Hmm. I just had an idea, even if I do not know how practical it is: would it help y'all if we were to introduce a generated/ directory and put all of the above, i.e. generated book and manual pages, their YAML data, sync state, cached expanded AsciiDoc and images.

Caveat: I do not know enough Hugo internals yet to assess whether that is even possible. But I'd like to know if that would alleviate some of the concerns y'all had before even looking into it.

ossilator commented 10 months ago

the qt project uses submodules, and from what i've experienced, it's not as painful as you suggest. esp. for an "artifact cache" repo with a one-way relationship to the main repo it shouldn't be that bad. also, as @vdye correctly assumed, you don't need to take the "submodule" suggestion in the literal git sense. any separate storage will do, including a git repo that isn't actually a submodule.

anyway, i find it somewhat hard to believe that you can't come up with a sensible build versioning scheme with easy diffing. what you need sounds like a bog-standard CI/CD workflow, and i'd be a tad surprised if github didn't support it adequately.

note that artifact persistence/caching doesn't have to be the same mechanism as the build snapshotting mechanism (which would serve as the basis for versioning and diffing) - you can have a content-addressable cache from which files are hard-/ref-linked into the output tree, just like ccache works.

always starting out with a clean output tree is a huge boon for reproducibility, and therefore bisect.

dscho commented 9 months ago

i find it somewhat hard to believe that you can't come up with a sensible build versioning scheme with easy diffing.

Well, I did. You're looking at it.

ossilator commented 9 months ago

Well, I did. You're looking at it.

one that also doesn't violate the "don't put build artifacts in the source repo" principle ...

dscho commented 9 months ago

Well, I did. You're looking at it.

one that also doesn't violate the "don't put build artifacts in the source repo" principle ...

In the context of GitHub Pages, which literally suggests to commit and push the verbatim .html pages to serve, insisting on that principle would not seem to be a particularly tenable position to hold.
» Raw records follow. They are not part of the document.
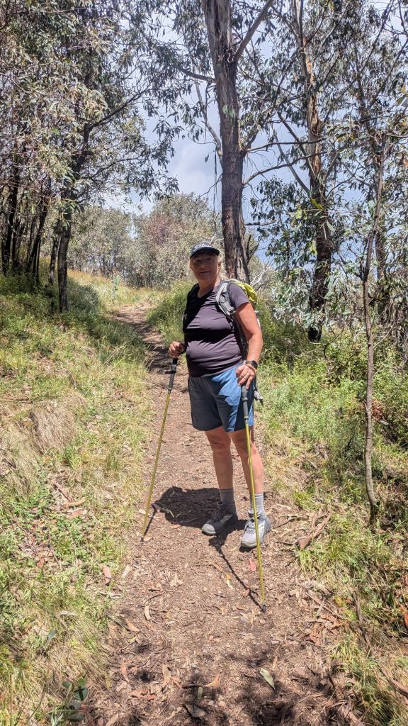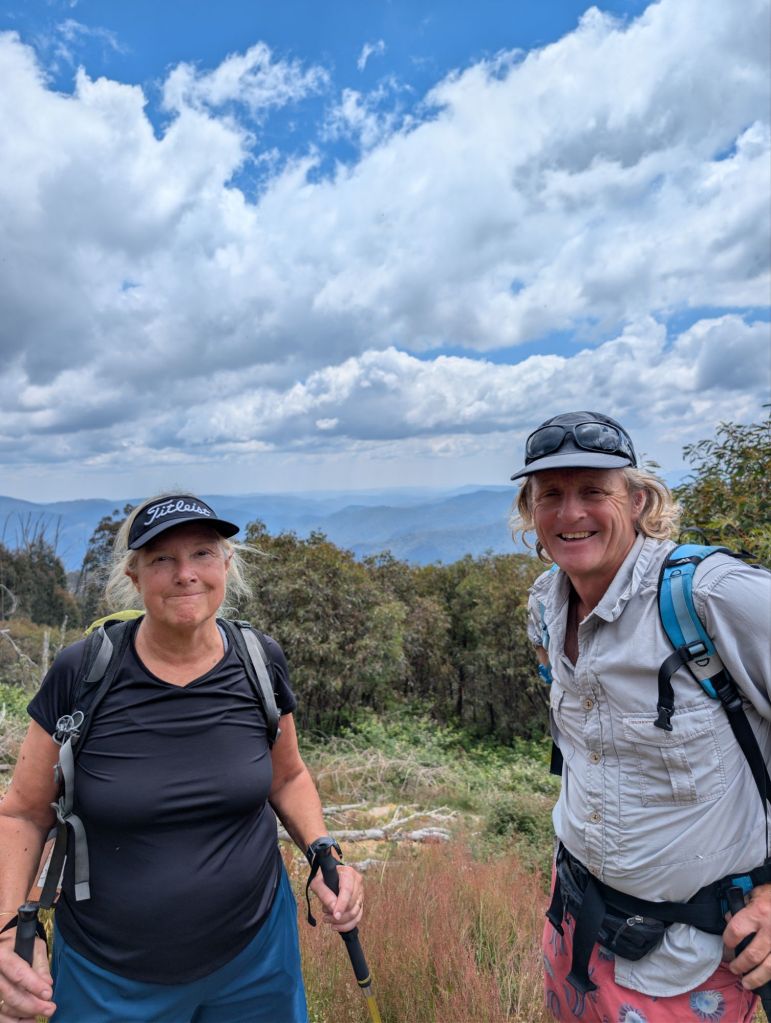 It was a 14km steep drive with our camper to Mt Stirling Alpine park on a good quality dirt road. We stopped in the large carpark thinking that was where the walk started. Apparently not- we had to negotiate another 21km on a smaller, windier, steeper, dirt mountain road. By the time we reached picnic area where the walk began it was after 12pm. The information board described the walk as 45 minutes up a steep path. That’s not usually a problem for us but that meant it would be after 1.30pm before we got back to the car and Lance had a work meeting to log onto. The other option was to drive the 4WD track up the last part. I was not keen to do this as we had the trailer and track was steep and remote.
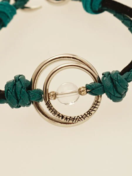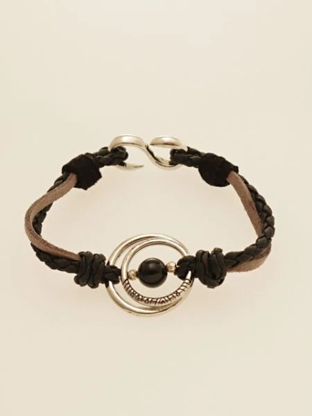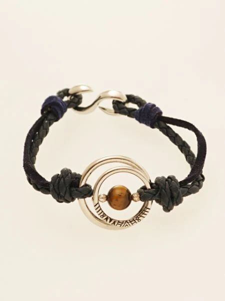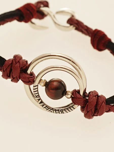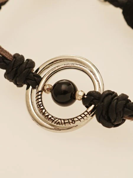 Ce bracelet s’inspire des planètes scintillantes. Il arbore un motif tribal gravé sur les pierres naturelles et l’anneau en métal.
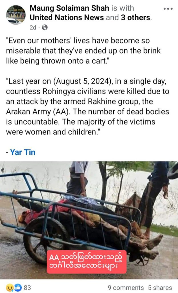 ရခိုင်ပြည်နယ်နှင့် ချင်းပြည်နယ်တွင် စစ်ရာဇဝတ်မှုကျူးလွန်နေသော ရခိုင်လက်နက်ကိုင် AA က ထန်းရှောက်ခံရွာမှ ဘင်္ဂါလီ ၆၀၀ ကျော်ကို အစုလိုက်အပြုံလိုက် လူမျိုးတုံးသတ်ဖြတ်လိုက်မှုကို ICC နှင့် နိုင်ငံတကာက စုံစမ်းစစ်ဆေးအရေးယူပေးရန် ARNC က တောင်းဆိုအပြီးတွင် ရခိုင်လက်နက်ကိုင် AA အဖွဲ့က ယင်းတို့၏ ဆိုးယုတ်လှသော စစ်ရာဇဝတ်မှုကို တပ်မတော်က ကျူးလွန်သည်ဟု လွှဲချရန် ကြံစည်နေကြောင်း ARNC ပူးတွဲဥက္ကဋ္ဌ ရိုနေဆန်းလွင်က ဖော်ထုတ်လိုက်သည်။
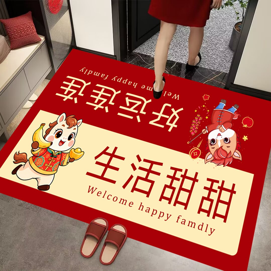 马年地垫2026开门红新年脚垫子礼品可印logo家用门口灯笼马年大吉
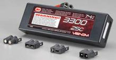 This is the Venom Power 2S 25C 3300mAh 7.4V LiPo Battery with the Venom Universal Plug System. FEATURES: For car usage Venom Universal Four Plug System allows connectivity between today's four most common battery plugs, Tamiya, Traxxas, Deans and EC3, simply attach desired plug to Venom plug on battery's wire leads Balance connector This battery is warranted against defects in original material and workmanship only. No term warranty is offered with this battery
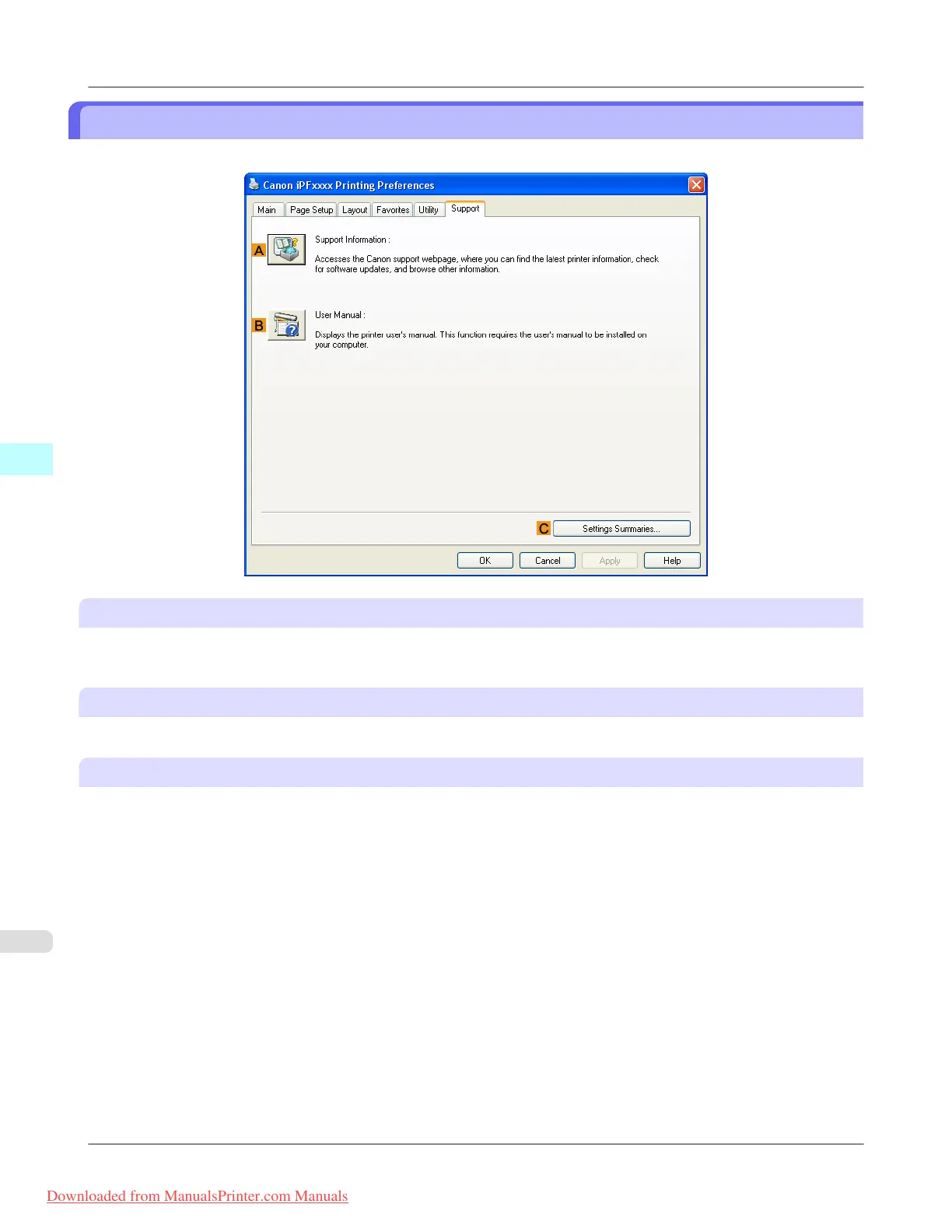 Click to view the printer user's manual. This function requires the user's manual to be installed on your computer.
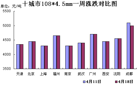 西北地區(qū)無縫管市場價(jià)格平穩(wěn)運(yùn)行,其中西安108*4.5市場價(jià)格4450元/噸。無縫管出廠價(jià)格以穩(wěn)為主,市場觀望情緒濃重,短期內(nèi)無縫管市場價(jià)格調(diào)整的可能性不大。
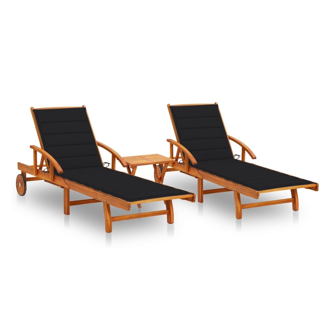 Chaises longues lot de 2 avec table et coussins Acacia solide
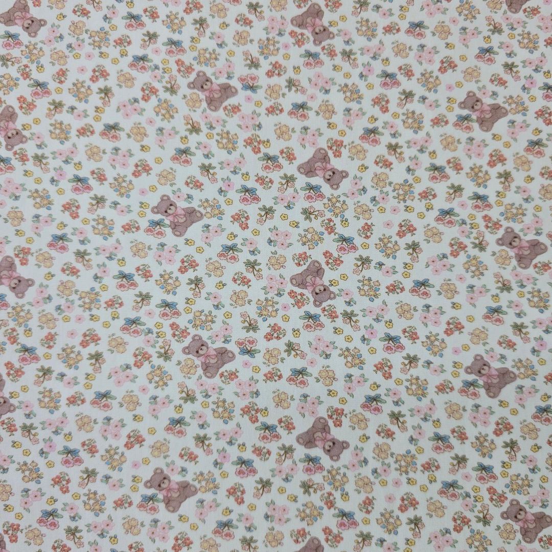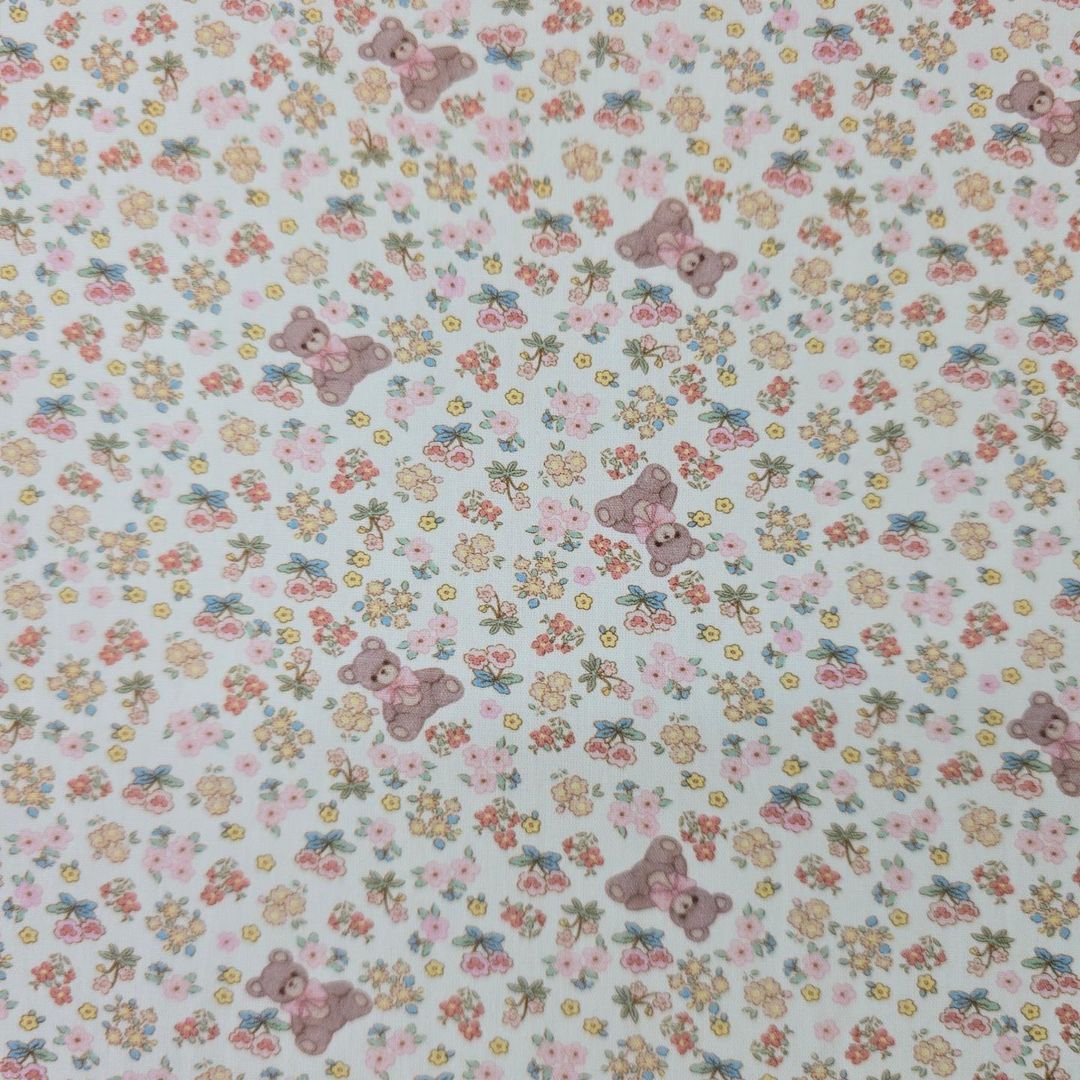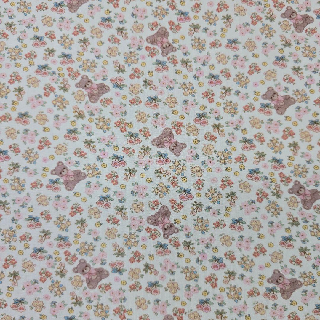 花の庭の模様のテディベア生地、かわいい、子供用、裁縫、キルト - 韓国の生地

I could see the point of a much more pragmatic suggestion to use module mounts so that files generated by a particular script, or files generated from a particular repository, could be put into, say, generated/<name>/ and mapped back into data, content, static etc. I did verify that that would work for multiple data directories, i.e. something like this

module:
  mounts:
  - source: data
    target: data
  - source: generated/data
    target: data

would allow docs.yml to live in generated/data/ and still be accessed via $.Site.Data.docs.<whatever>. Somewhat surprisingly, this configuration follows the "first one wins" approach: if there is a docs.yml in data/ as well as in generated/data/, and both files contain the same key albeit with different values, with the above configuration Hugo would resolve to the value specified in data/docs.yml and ignore that generated/data/docs.yml defines a different value.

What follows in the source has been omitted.